We’ve lived so long under the spell of hierarchy—from god-kings to feudal lords to party bosses—that only recently have we awakened to see not only that “regular” citizens have the capacity for self-governance, but that without their engagement our huge global crises cannot be addressed. The changes needed for human society simply to survive, let alone thrive, are so profound that the only way we will move toward them is if we ourselves, regular citizens, feel meaningful ownership of solutions through direct engagement. Our problems are too big, interrelated, and pervasive to yield to directives from on high.
—Frances Moore Lappé, excerpt from Time for Progressives to Grow Up

Thursday, December 4, 2014

America’s dark imperial legacy: It goes much deeper than George W. Bush

Click here to access article by Robert W. McChesney from Salon.

It seems that after the publication of the book entitled Capital in the Twenty-First Century by the French sociologist, Thomas Piketty, all of a sudden it has become fashionable among North America's academics and leftists to make references to capitalism in a more critical fashion but without really examining the deadly dynamics that drives the system. 

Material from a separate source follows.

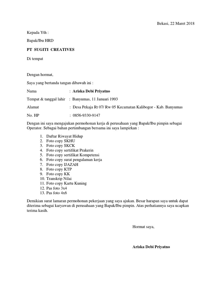 Tidak peduli apa tingkat pendidikannya atau pun keahlian apa yang dimiliki seseorang tersebut. Sebelum masuk ke contoh cara penulisan surat lamaran kerja yang baik dan benar ada baiknya kamu membaca ini terlebih dahulu agar bisa dikoreksi dan memperbaiki kesalahan yang sering dilakukan oleh para jobseeker diluar sana. Data lengkap tentang contoh surat lamaran kerja toserba yogya. Kepala bagian personalia the blitz jl. 3surat lamaran kerja hendaknya ditulis secara manual dan memang anda yang membuatnya 4lengkapi dengan data data yang dibutuhkan oleh perusahaan tempat anda melamar kerja 5lampirkan surat pendukung lainnya seperti sertifikat pengalaman kerja contoh surat lamaran kerja bali 20 maret 2018 kepada yth. Nah jika anda juga berencana melamar pekerjaan di perusahaan maka contoh surat lamaran kerja di persuahaan yang akan saya bagikan di bawah ini patut anda simak.

One such person is McChesney who has recently authored the book Blowing the Roof off the Twenty-First Century: Media, Politics, and the Struggle for Post-Capitalist Democracy. Others on my list include such people as the economic historian Richard Smith (from New York, not to be confused with Richard A. Smith of the Institute for Policy Research & Development, London), Naomi Klein, and "Cassiodorus" (a pen-name).  I think that their critiques of capitalist society are muted because of their long experience in academia and their more immediate interests of protecting their careers from the threats of their capitalist overseers. They tend to hang-out online in websites such as the following: Climate&Capitalism, Daily Kos, TruthOut, MR Online, FireDogLake, and Salon.

Although I haven't read McChesney's new book, I offer this piece as a sample of this sort of critical thinking, and which might suggest a preview of what he offers in his book. Such a "radical" view, I argue, examines closely the trees while ignoring most of the dynamics of the forest. 

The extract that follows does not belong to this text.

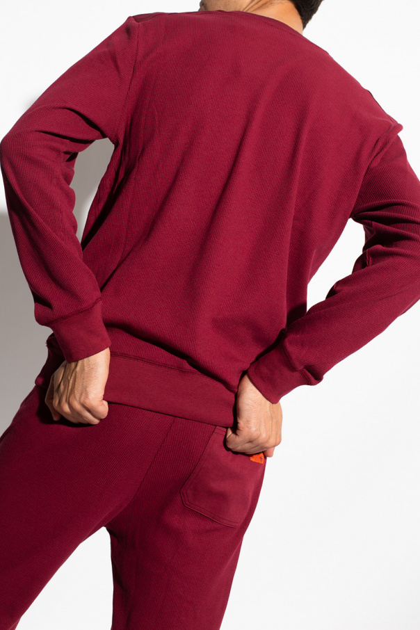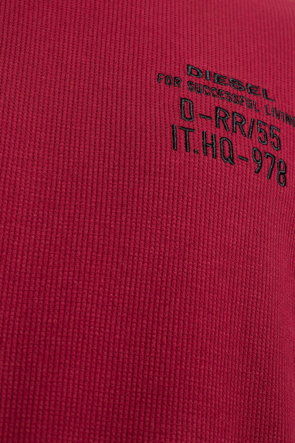 Maroon crewneck T-shirt from Diesel. Made of cotton, this garment features an embroidered logo pattern in black and ribbed trims at the neck, hem and cuffs.
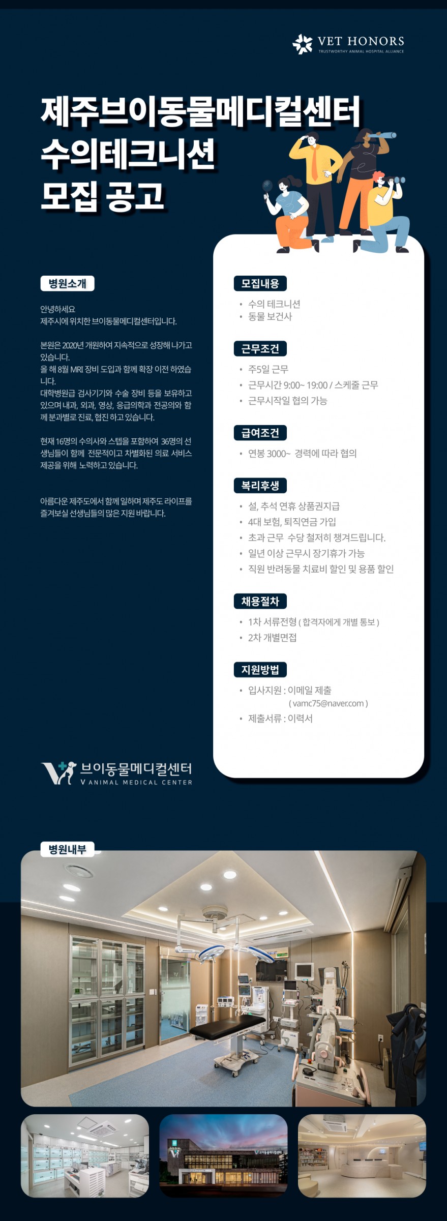 제주시 노형동에 위치한 브이동물메디컬센터에서 수의 테크니션 모집합니다.

My critique of these critics is not intended to put them down, rather my intention is to see the weaknesses of their views and to strive for something better. I offer this criticism as a plea to especially young Americans that we must get serious about changing the system, if we are to survive. Either we get serious about overthrowing the system and establishing a socially just and sustainable system, or else we should prepare ourselves to descend into a living nightmare of fascism, wars, and catastrophic climate destabilization. Time is rapidly running out on humanity.

In this piece McChesney looks at our "dark imperial legacy" as originating with Charles E. (General Electric) Wilson who later became Sec. of Defense under Eisenhower. He throws in concepts like "military Keynesianism" to dress up his essay in academic jargon, references some radical authors, offers two quotes from other observers making reference to a ruling class to give his essay some radical cachet, but otherwise ignores an overview of the inherent and compulsive drive to power that the system of capitalism inculcates in those who practice capitalism. Thus, the reader is left to imagine that individuals such as Charles Wilson and George Bush are to blame for aberrations in a system that is basically sound. Hence, it only needs to be reformed to make it function right.